Matches an expected configuration state (expressed as Bazel flags) for the purpose of triggering configurable attributes. See select for how to consume this rule and Configurable attributes for an overview of the general feature.

Examples

The following matches any Bazel invocation that specifies --compilation_mode=opt or -c opt (either explicitly at the command line or implicitly from .bazelrc files, etc.), when applied to a target configuration rule:

  config_setting(
      name = "simple",
      values = {"compilation_mode": "opt"}
  )
  

The following matches any Bazel invocation that builds for ARM and applies a custom define (e.g. bazel build --cpu=armeabi --define FOO=bar ...), when applied to a target configuration rule:

  config_setting(
      name = "two_conditions",
      values = {
          "cpu": "armeabi",
          "define": "FOO=bar"
      }
  )
  

The following config_setting matches any Bazel invocation that builds a platform which contains exactly the same or a subset of its constraint_values (like the example below).

  config_setting(
      name = "marble",
      constraint_values = [
          "white",
          "metamorphic",
      ]
  )

  platform(
      name = "marble_platform",
      constraint_values = [
          "white",
          "metamorphic"
      ]
  )
  

Notes

See select for policies on what happens depending on how many rules match an invocation.

For flags that support shorthand forms (e.g. --compilation_mode vs. -c), values definitions must use the full form. These automatically match invocations using either form.

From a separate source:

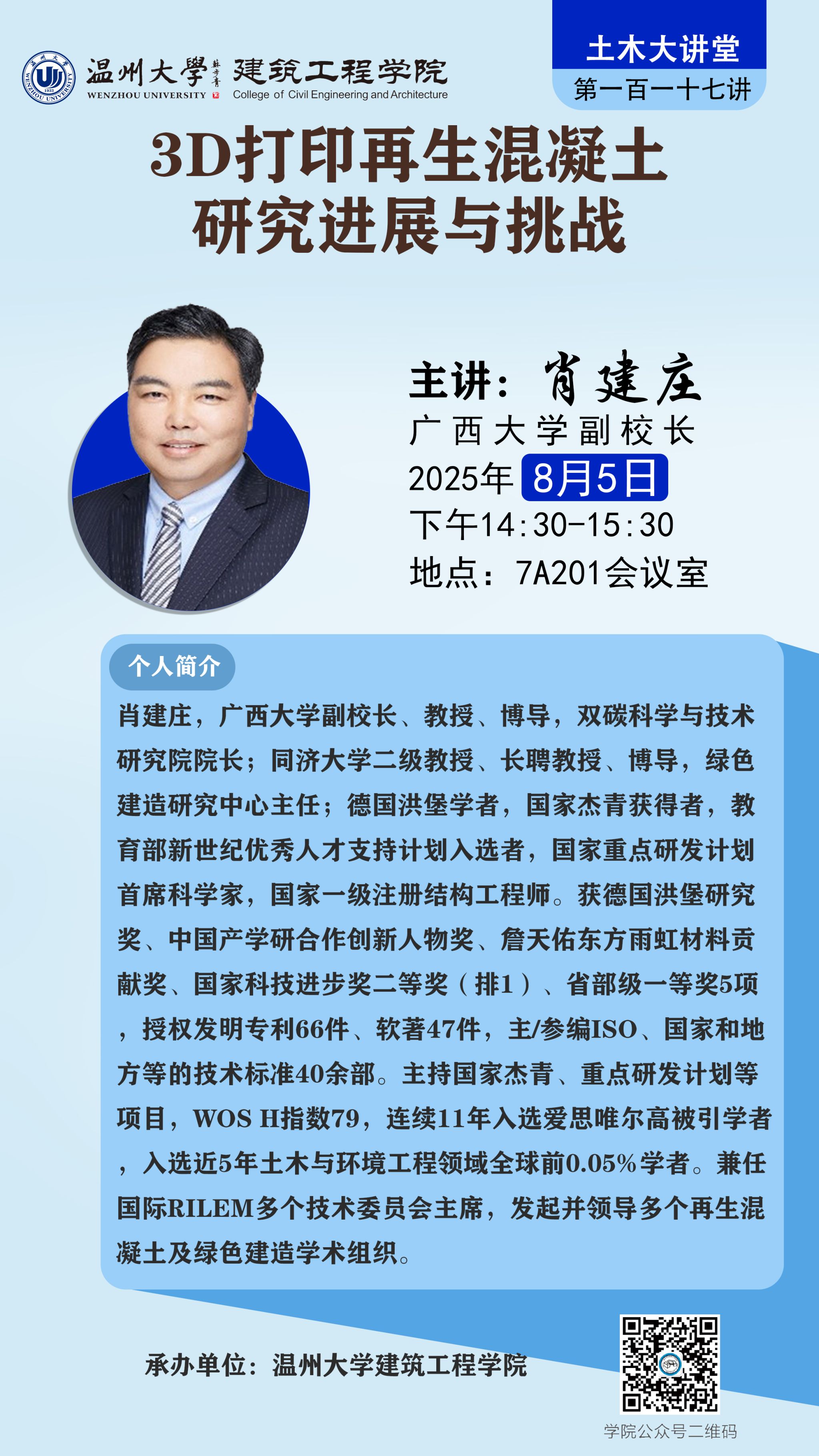 学术讲座预告:3D打印再生混凝土研究进展与挑战

The currently endorsed method for creating custom conditions that can't be expressed through dedicated build flags is through the --define flag. Use this flag with caution: it's not ideal and only endorsed for lack of a currently better workaround. See the Configurable attributes section for more discussion.

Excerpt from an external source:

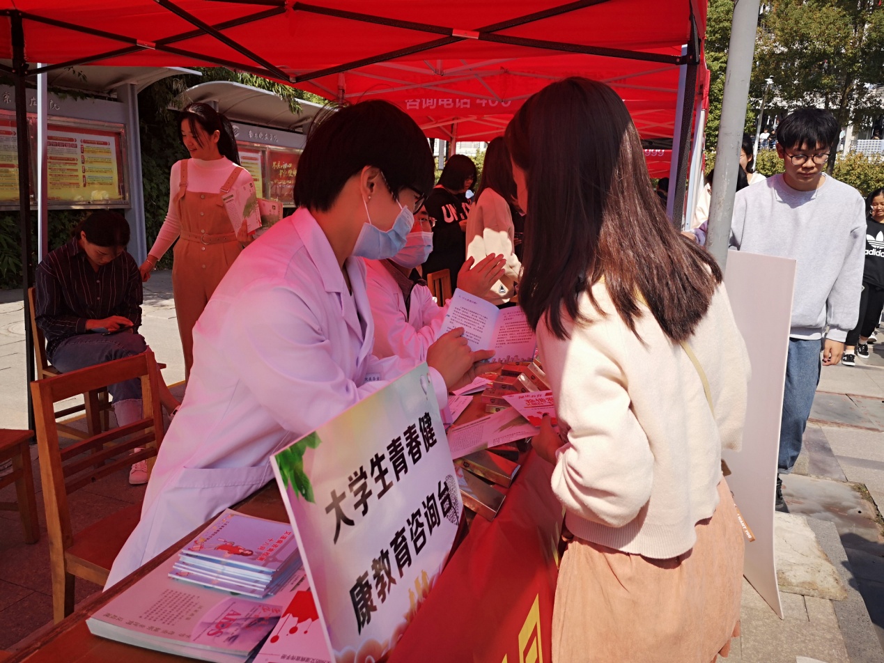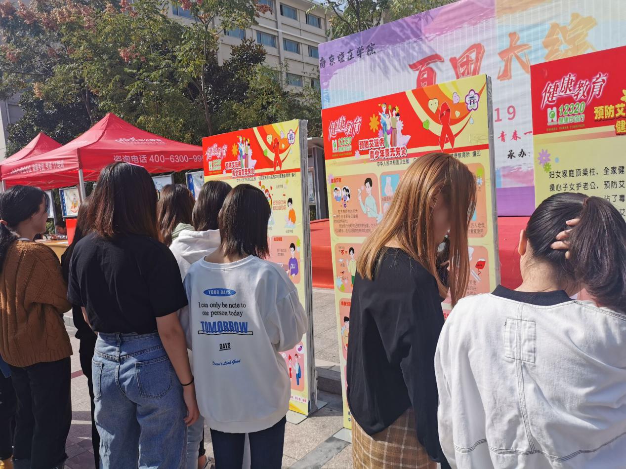 宣传活动形式多样,社工协会志愿者现场发放了解和防治艾滋病的传单,校卫生所的医生准备了免费发放的安全套,在摆台处设立老员工青春健康咨询台,为同学们提供咨询解答,同时结合老员工的身体状况讲解青春期男女同学常见的生理常识和疾病预防知识。过往同学驻足观看预防艾滋病宣传展板。

Try to consolidate config_setting definitions as much as possible. In other words, define //common/conditions:foo in one common package instead of repeating separate instances in //project1:foo, //project2:foo, etc. that all mean the same thing.

values, define_values, and constraint_values can be used in any combination in the same config_setting but at least one must be set for any given config_setting.

Arguments

Attributes
name

Name; required

A unique name for this rule.

constraint_values

List of labels; optional; nonconfigurable

The set of constraint_values that match this rule.

A constraint_value is composed of a name and a corresponding constraint_setting which classifies the value. A platform consists of a collection of constraint_value labels which describes target itself and/or how its environment.

            constraint_setting(name = "rock_type")
            constraint_value(name = metamorphic, constraint_setting = "rock_type")
            platform(
              name = "my_platform_rocks",
              constraint_values = [":metamorphic"]
            )
          

As mentioned above, this rule inherits the configuration of the configured target that references it in a select statement. This constraint_values attribute is considered to "match" a Bazel invocation if it includes each constraint_value specified in the configuration's target platform which is set with the command line flag --experimental_platforms. If it contains extra constraint_values not included in the target platform, it is still considered a match. In this example, both slate and marble would be considered matches for a bazel invocation which uses --experimental_platforms=my_platform_rocks. Multiple matches like this may lead to ambiguous select resolves and are not allowed.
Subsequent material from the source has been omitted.